DIRECTIONS >> Using the data that follows, output only the lines from the line with "Столът Carp Pro" up to and including the line with "Brug det store", exactly, leaving pictures aside.
START THE INPUT
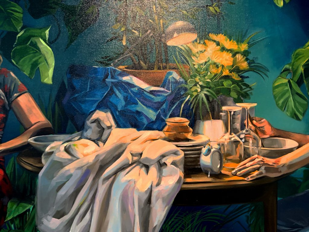 Avec ces personnages qui affrontent des passages a vide dans leur stase un peu suspendu , elle a voulu ajouter quelques contrastes, avec une touche de fond coloré, une densité matérielle donnée par les objets présents, et notamment par les masses de tissus que l’on retrouve dans beaucoup de ses peintures.
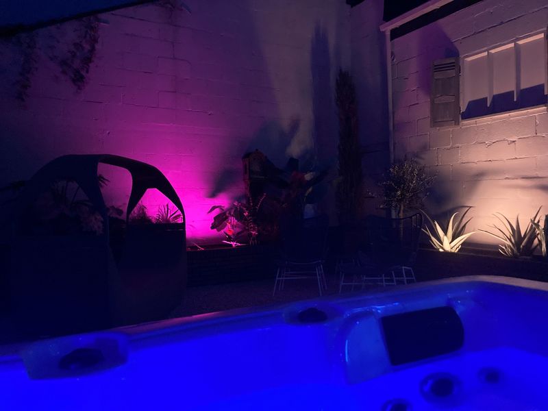 Ruim 80m2 wellness helemaal privé! (Chloorvrij massage bad, infrarood sauna, infrarood paneel (outdoor-verwarming), buitendouche, zonneweide, rustkamer, wc, gratis koffie/thee, eigen koelkast en met toegang tot eigen muziek k
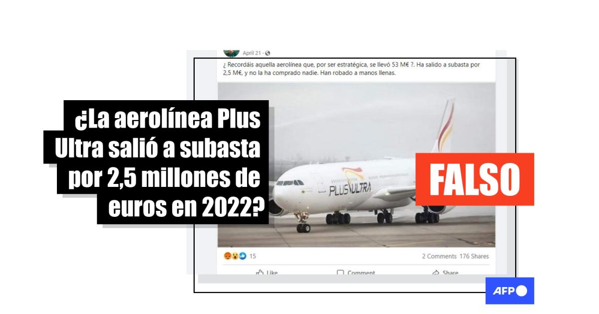 “¿Recordáis aquella aerolínea que, por ser estratégica, se llevó 53 M€ ?. Ha salido a subasta por 2,5 M€, y no la ha comprado nadie. Han robado a manos llenas”, se lee en esta publicación en Facebook, con la fotografía de un avión de la aerolínea Plus Ultra. Una pieza similar también ha sido difundida en Twitter.
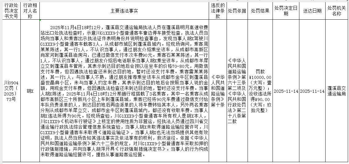 蓬溪县交通运输局行政处罚公示
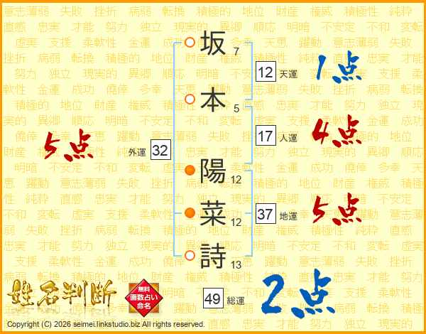 坂(7画)本(5画) 陽(12画)菜(12画)詩(13画)
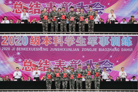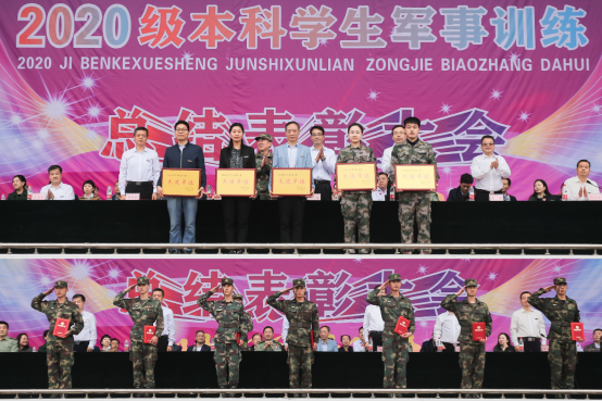 副校长王富平宣读了《关于表彰2020级学生军训工作先进单位和先进个人的决定》。学校领导及部队首长为先进单位及先进个人代表颁发奖牌和证书。
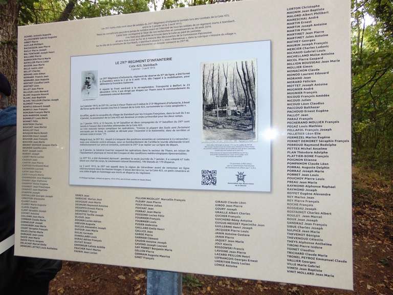 La stèle du 297ème RI érigée par les soldats eux-mêmes (voir photos), fut laissée longtemps à l'abandon dans des buissons au milieu d'une forêt. Elle fut rénovée grâce à l'action du Souvenir Français local et de diverses associations culturelles et patriotiques des villes de Steinbach et de Thann, ainsi qu'a de généreux donateurs comme l'ARS qui a financé un panneau sur lequel est expliqué l'historique de cette stèle et où sont inscrits les noms des 200 tués ou disparus connus à ce jour, des combats de la côte 425.
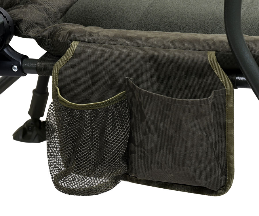 Столът Carp Pro Diamond Bliss, със здрава рамка от стомана и алуминий, поддържа тежест до 150 кг, осигурявайки повишена здравина и издръжливост. Обшивката му в камуфлаж Carp Pro е изработена от водоустойчив материал 650D, гарантиращ комфорт и защита от атмосферни влияния. Оборудван с подвижен и регулируем по височина възглавничка за глава и пяна с памет в подглавника, седалката и облегалката, столът осигурява естествена позиция на тялото, предлагайки релаксиращо изживяване при риболов.
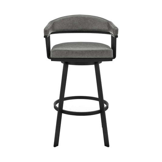 Kobe 30" Bar Height Swivel Bar Stool in Black F... Kobe 30" Bar Height Swivel Bar Stool in Black Finish and Gray Faux Leather By Armen Living
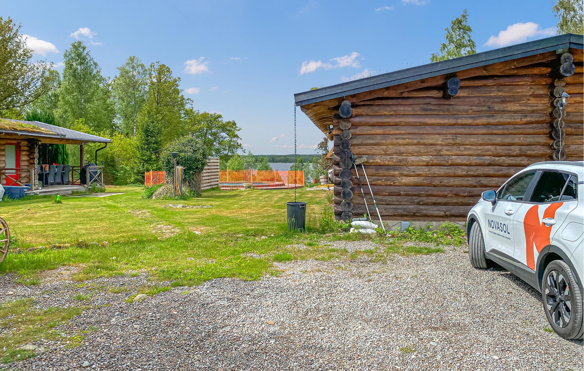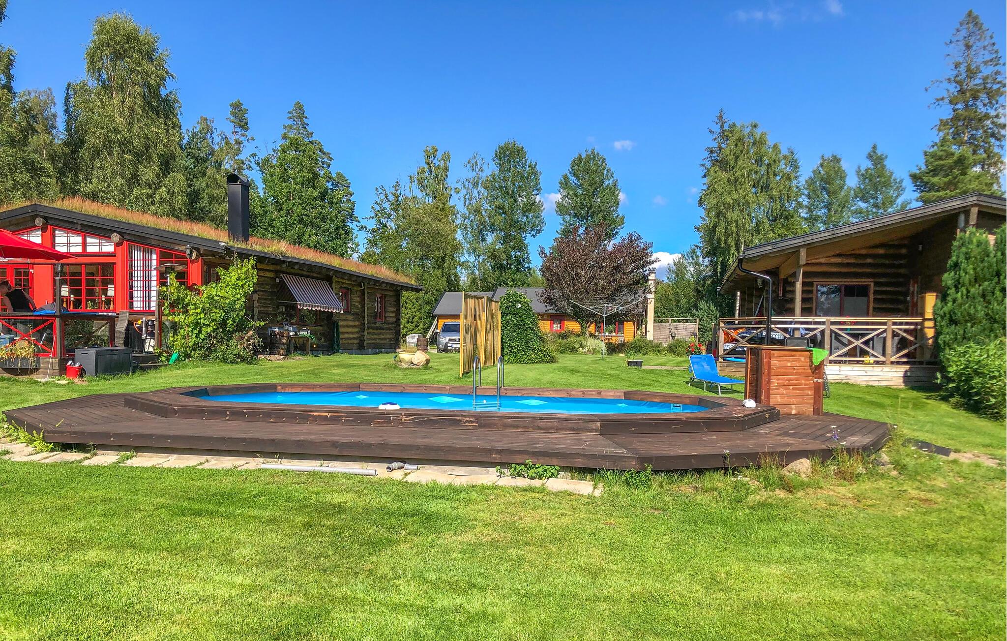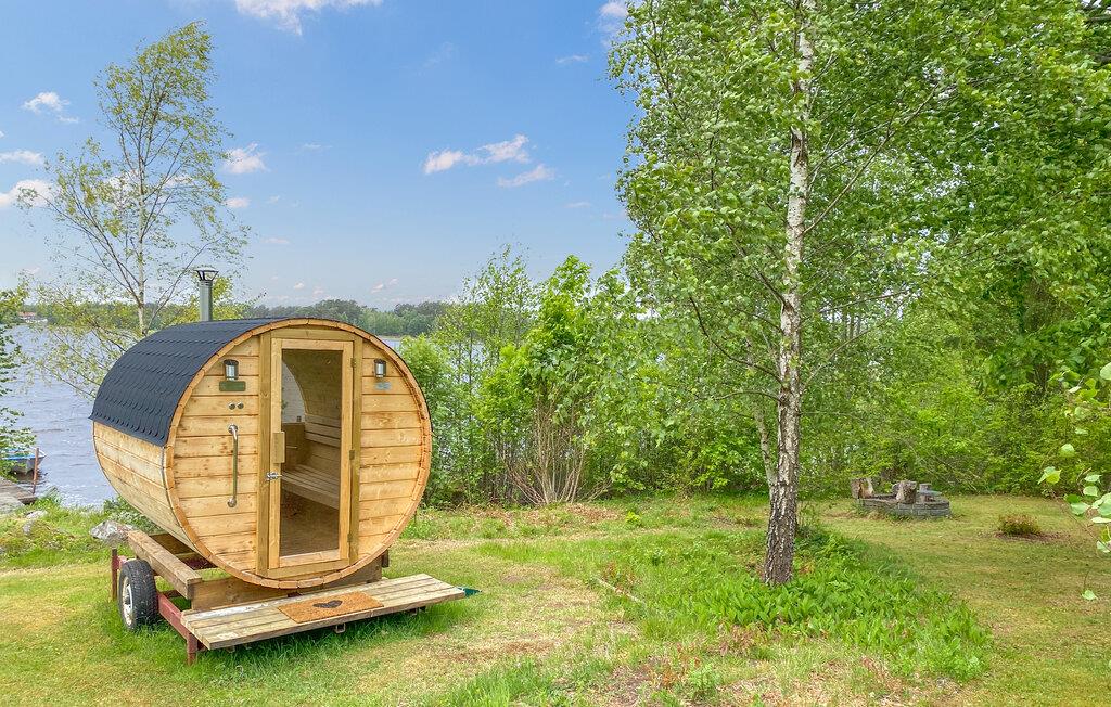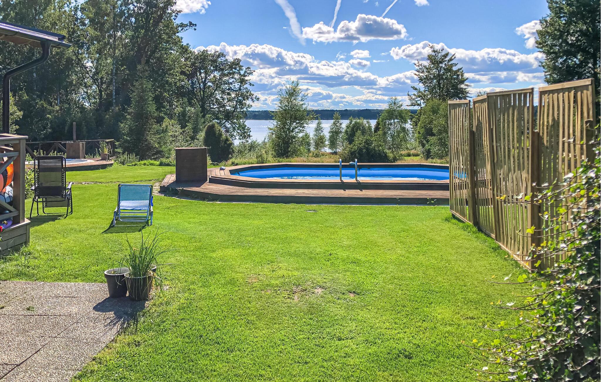 Brug det store fælles udendørsområde til lange timer i den friske luft. Tag en dukkert i poolen med træramme, eller gå direkte fra grunden ned til broen ved søen, hvor en båd venter på jer. Slap af i saunaen med panoramaudsigt over vandet, og nyd den fredelige stemning ved solnedgang. På den møblerede træterrasse kan I grille, spise og bare nyde roen.
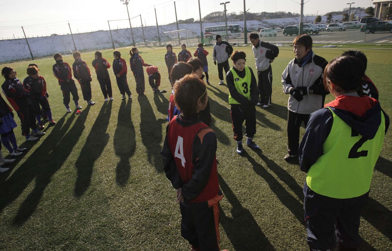 開始時のノジマステラの選手の足下からテスト生へと伸びる影がプレッシャーを表し、終了時の黒い部分の多さが心の重さを表しています。プロの技です。これだけ書いていたら、きっと高野カメラマンは次回、僕に何かくださると思います。お願いします。
END THE INPUT
ANSWER >>
 Столът Carp Pro Diamond Bliss, със здрава рамка от стомана и алуминий, поддържа тежест до 150 кг, осигурявайки повишена здравина и издръжливост. Обшивката му в камуфлаж Carp Pro е изработена от водоустойчив материал 650D, гарантиращ комфорт и защита от атмосферни влияния. Оборудван с подвижен и регулируем по височина възглавничка за глава и пяна с памет в подглавника, седалката и облегалката, столът осигурява естествена позиция на тялото, предлагайки релаксиращо изживяване при риболов.
 Kobe 30" Bar Height Swivel Bar Stool in Black F... Kobe 30" Bar Height Swivel Bar Stool in Black Finish and Gray Faux Leather By Armen Living
 Brug det store fælles udendørsområde til lange timer i den friske luft. Tag en dukkert i poolen med træramme, eller gå direkte fra grunden ned til broen ved søen, hvor en båd venter på jer. Slap af i saunaen med panoramaudsigt over vandet, og nyd den fredelige stemning ved solnedgang. På den møblerede træterrasse kan I grille, spise og bare nyde roen.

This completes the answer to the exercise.